Cinephilia and Beyond have posted an appreciation of The Assassination of Jesse James By the Coward Robert Ford, including the full script and more:
The Assassination of Jesse James by the Coward Robert Ford is a contemplative, slow-paced, superbly acted piece of contemporary filmmaking which has to be considered an important player in the 21st century revival of the Western genre, an artistically accomplished, technically brilliant exploration of one of the founding myths of American identity, and a movie whose stature is bound to rise in the decades to come.

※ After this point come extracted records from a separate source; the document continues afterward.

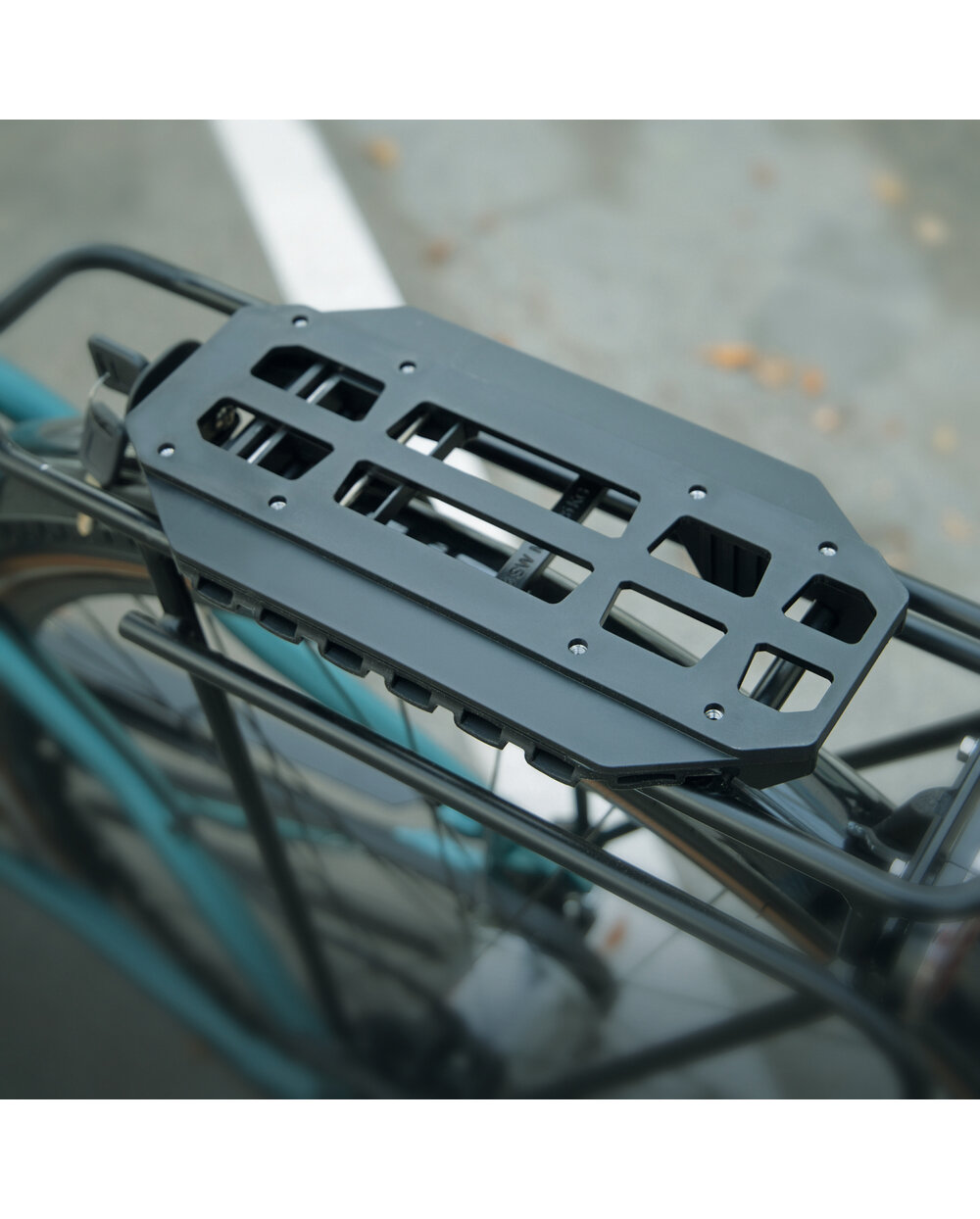 SKS MonkeyLoad attachment plate Many bike brands such as Pegasus, Bulls, Kettler, Hercules or KTM are already equipped with a MonkeyLoad luggage rack as standard. But even existing baskets and panniers without this technology can be easily adapted. The adapter plate can be attached to the underside of the bag with screws, making the bag compatible with the ML system.Dimensions: 260.5 × 135 × 40 mm Weight: approx. 330 g
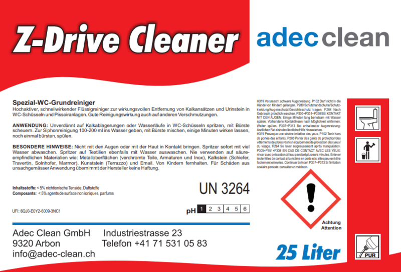 - Inhaltsstoffe: anorganische Säuren, nichtionische Tenside, Duftstoffe, Wasser
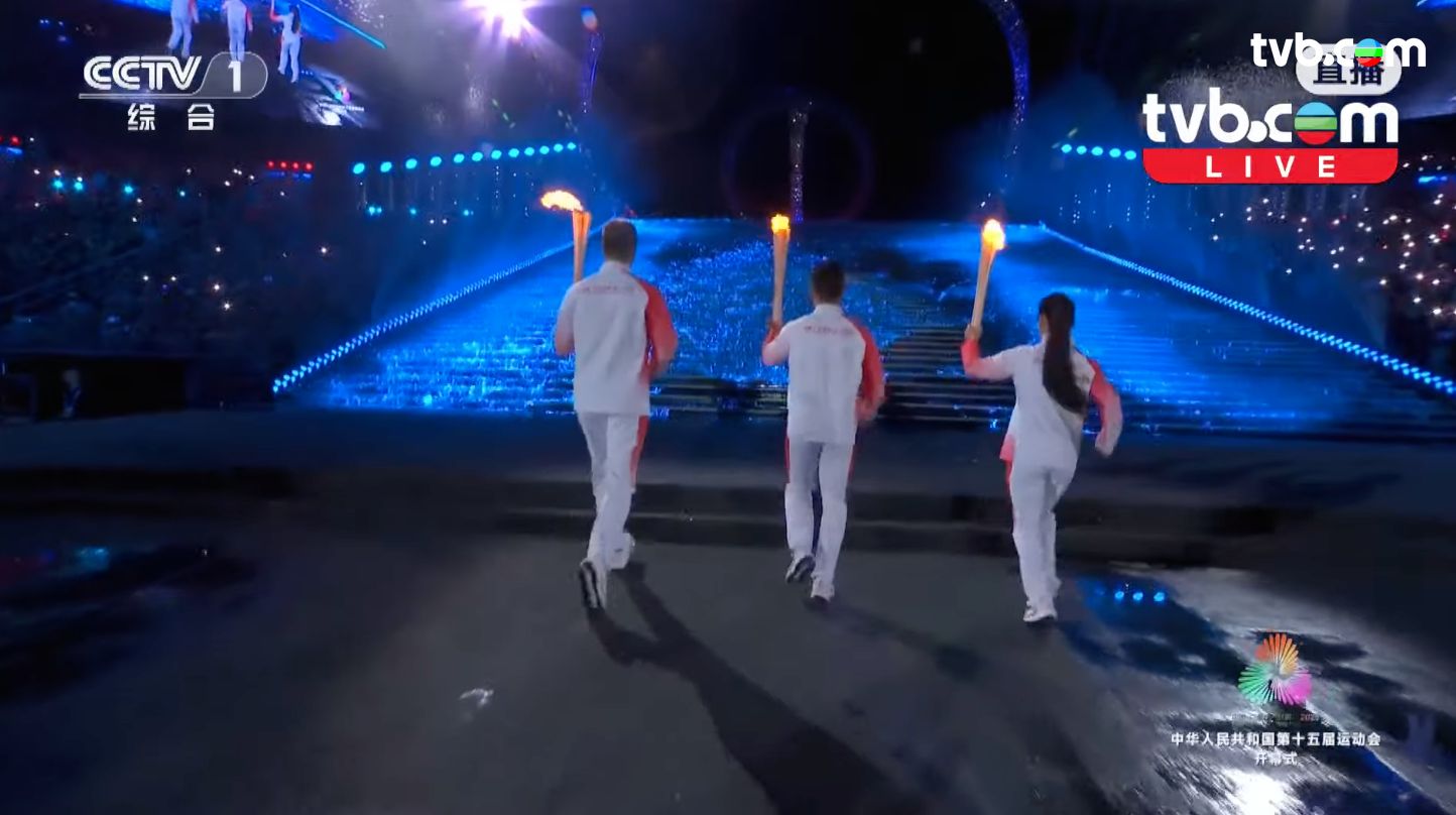全運會燃點聖火是開幕禮重要一部分,其中2位火炬手是大家熟悉的黃金寶及郭晶晶,而廣東蘇炳添、香港蘇炳添和澳門李禕為最後一棒,負責一同點燃主火炬。

Watch a video imagining if other films were edited like Requiem for a Dream:
Mogwai has listed their 10 favorite Criterion films:
Deciding which Akira Kurosawa film to choose for this list was extremely difficult, as he made so many tremendous films. Rashomon, Seven Samurai, and Yojimbo are all amazing, but I love this version of Macbeth. During the final scene, Kurosawa had trained archers fire real arrows at Toshiro Mifune. Brilliant. —MB
Watch a trailer for a French retrospective of Hou Hsiao-Hsien‘s films, newly restored:
Criterion‘s Kier-La Janiesse on their recently released Carnival of Souls:
In the sixteenth century, the medieval notion of purgatory as a physical place started losing favor to a broader conceptualization of it as a liminal state of being. As the centuries wore on and Dante’s seven-terraced description of purgatory in The Divine Comedy was increasingly accepted as allegorical, even within the church itself, the concept called attention to other relationships that were appearing in newly emerging secular philosophy and psychology—such as those between the sleeper and the dream world, the existentialist and the Absurd. Those ideologies challenged the objective physical definition of “place” itself, posing the question of how much of our experience unfolds solely within the confines of our own imaginations.